François Rouan: "The piss that one cherishes when it streams from the beloved... The central question of painting, and particularly in Balthus's work, is the sexual dimension. If Balthus were here, he'd light up a cigarette, yet another one, and assume a humorous air, naturally he would let me have my say, and then he'd conclude by telling me that the young women he paints are angels."

Jean Leymarie: "Angels, as Rilke noted, are terrifying. And beauty itself is terrifying."

Jean Clair: "Perhaps his greatest moments are when his cruelty explodes onto the canvas. Balthus possesses a Sadean element."

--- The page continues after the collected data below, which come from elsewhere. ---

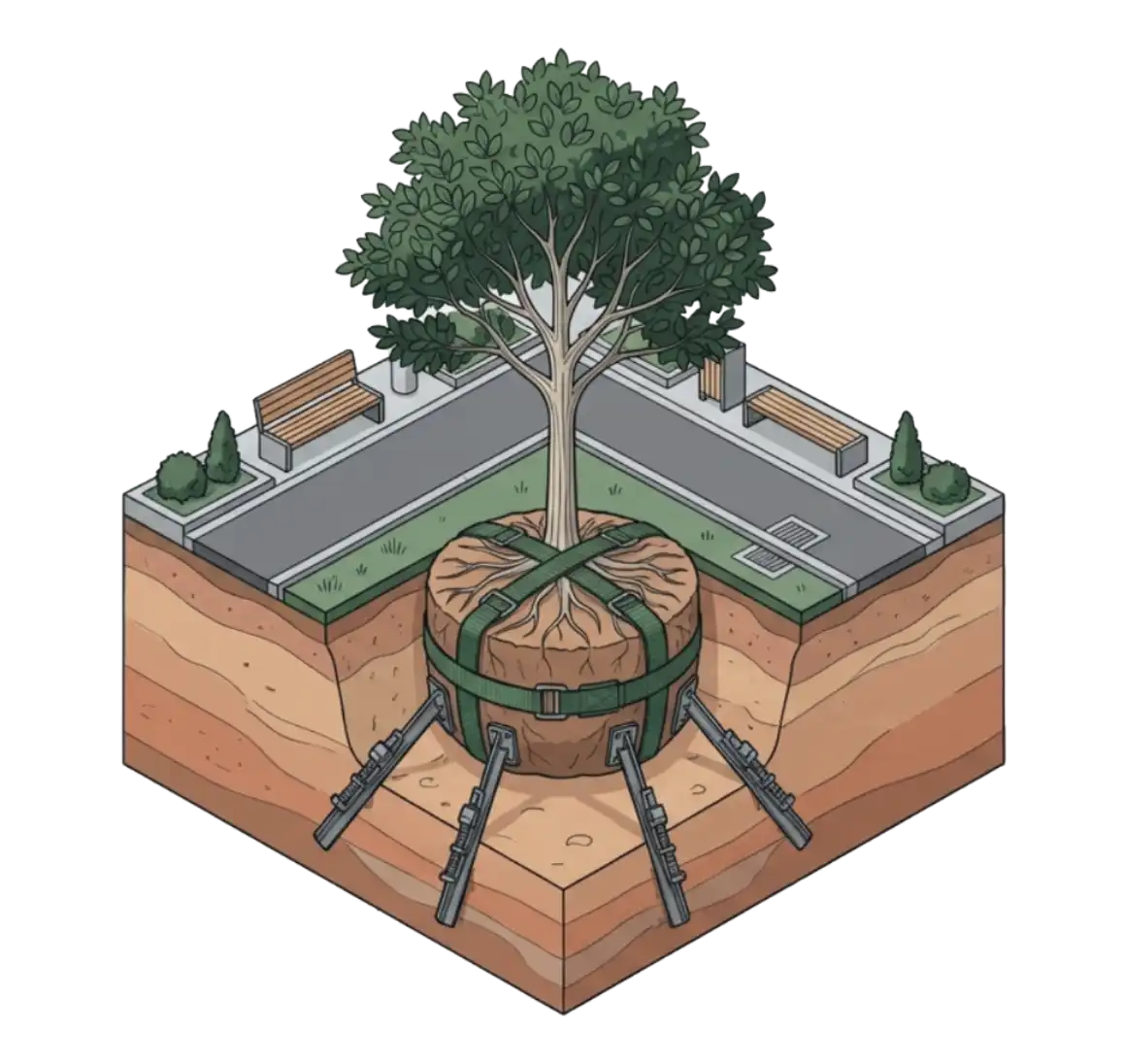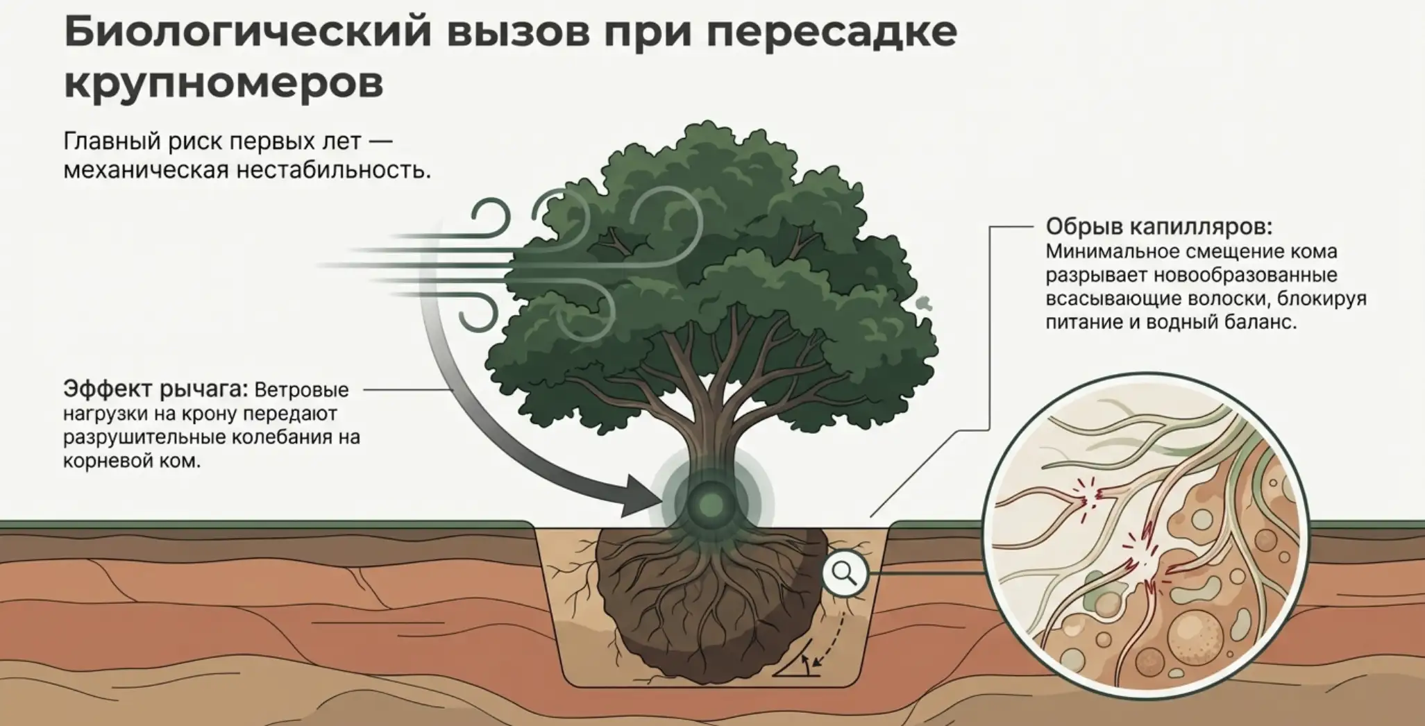 Процесс пересадки дерева, особенно крупномера, является серьезным биологическим стрессом. Основной риск в первые два-три года жизни растения на новом месте связан с механической нестабильностью. Под воздействием ветровых нагрузок ствол дерева работает как рычаг, передавая колебания на корневой ком. Даже минимальное смещение кома приводит к разрыву новообразованных всасывающих волосков - тончайших корней, ответственных за питание и водный баланс. Система скрытого крепления кома Tree Lock была создана как ответ на эту биологическую проблему, предлагая метод фиксации, который блокирует движение именно корневого кома, позволяя надземной части дерева сохранять естественную гибкость и развивать правильную конусность ствола.
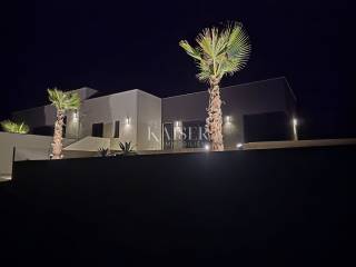 Unutrašnjost kuće odiše prozračnošću i svjetlom zahvaljujući open space konceptu koji objedinjuje kuhinju, blagovaonicu i dnevni boravak. Velike staklene stijene pružaju obilje prirodnog svjetla i otvaraju prostor prema vanjskom dijelu kuće s pogledom na okućnicu i privatni bazen.
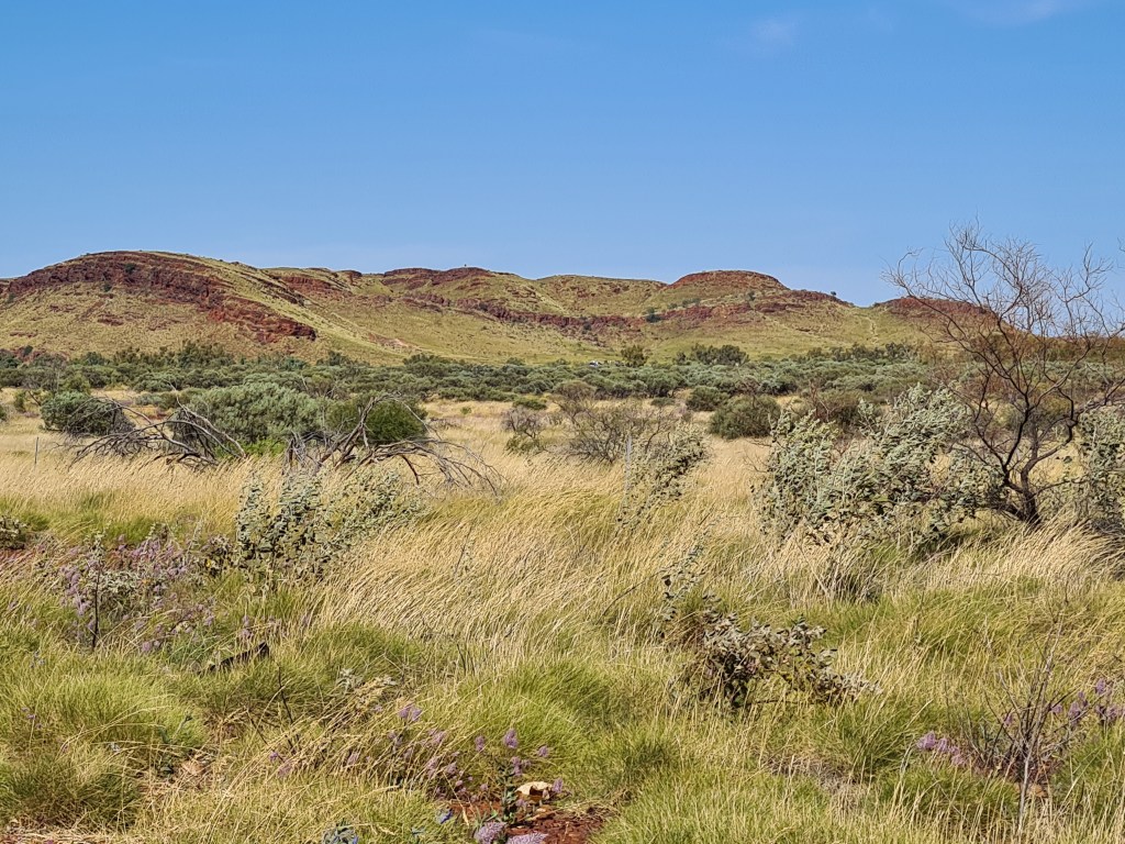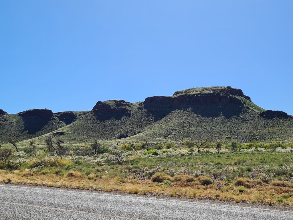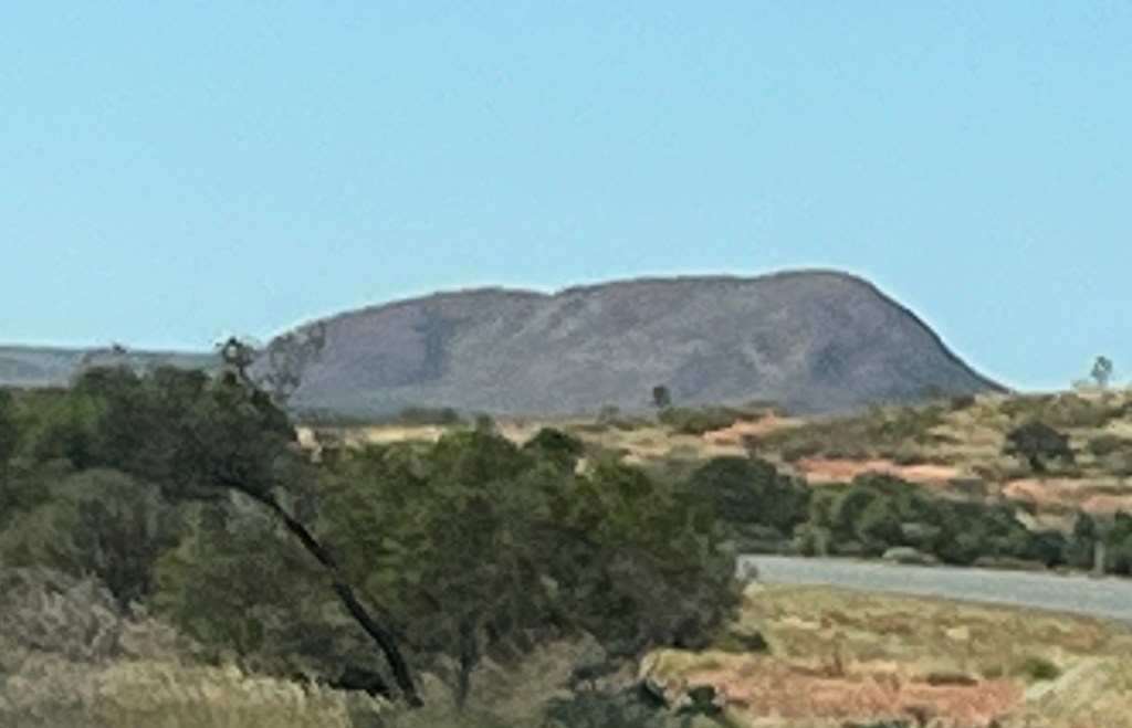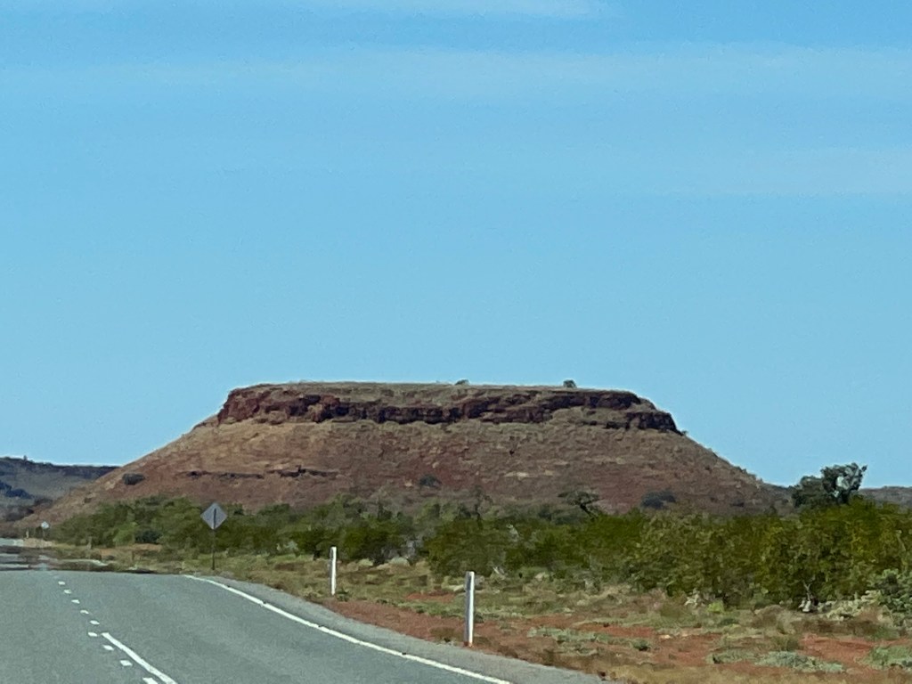 The scenery changed when we reached the Pilbara, with rocky outcrops, hills and small mountains. My favourite is this flat top rock.

Balthus: "The quickest way to become famous during the 1930s was by causing a scandal."

== Awards ==
- 1996: Grand Prize - XXIst UNESCO International Festival of Art Films
- 1996: Best Photography Prize - Lausanne International Art Film Festival
- 1996: Official Selection - 8th International VUE SUR LES DOCS Marseille

== DVD ==

The feature documentary is available in an international DVD edition released by Arte Vidéo in October 2007 (NTSC / All zones format). The 2-disc anamorphically enhanced Collectors Edition includes the 72' theatrical version together with bonus material featuring:
- Three Balthusian Lessons - a 24' documentary with Jean Clair, Jean Leymarie and François Rouan based on the sacred, the profane, and the Japanese Zen concept of satori;
- Tea at the Grand Chalet - a 10' document with Anna, Balthus's last adolescent model, taking afternoon tea with the painter and his wife at the Grand Chalet. In the course of their easy-going conversations, the painter's sunny mood clouds over when he considers the work on his easel as a daunting challenge.